Exact copy, no pictures: restate each entry below word for word.
= Beginning of Section =
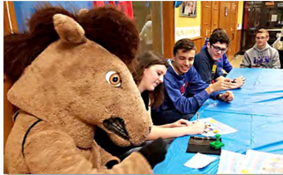
Maverick and the rest of the High School stars sign autographs.

The "stars" signed autographs, including school mascot, Maverick, and spent some time with students telling them that they are stars too!
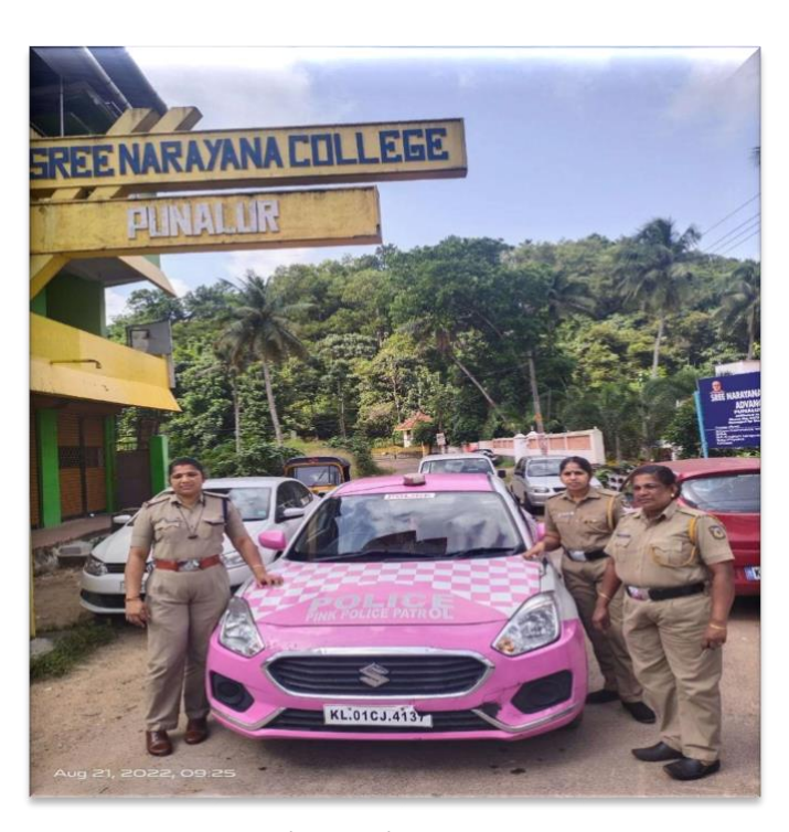
Pink Police Patrol
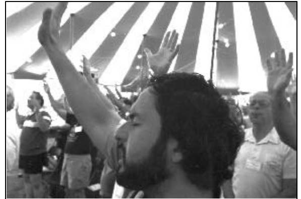
Photo from The Priests, Deacons, and Seminarians Conference at Steubenville, OH - June 1987
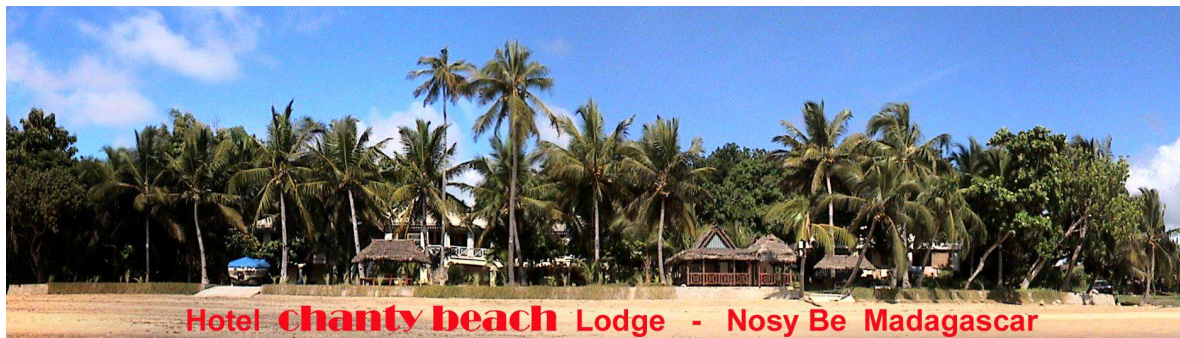
Hotel chanty beach Lodge - Nosy Be Madagascar
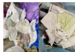
Sisa klinikal Clinical waste
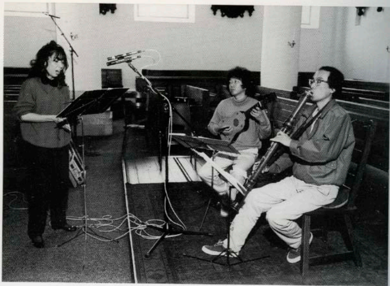
ENSEMBLE ALBA MUSICA KYO, recording session
= End of Section =
Expected output
Maverick and the rest of the High School stars sign autographs.

The "stars" signed autographs, including school mascot, Maverick, and spent some time with students telling them that they are stars too!
Pink Police Patrol
Photo from The Priests, Deacons, and Seminarians Conference at Steubenville, OH - June 1987
Hotel chanty beach Lodge - Nosy Be Madagascar
Sisa klinikal Clinical waste
ENSEMBLE ALBA MUSICA KYO, recording session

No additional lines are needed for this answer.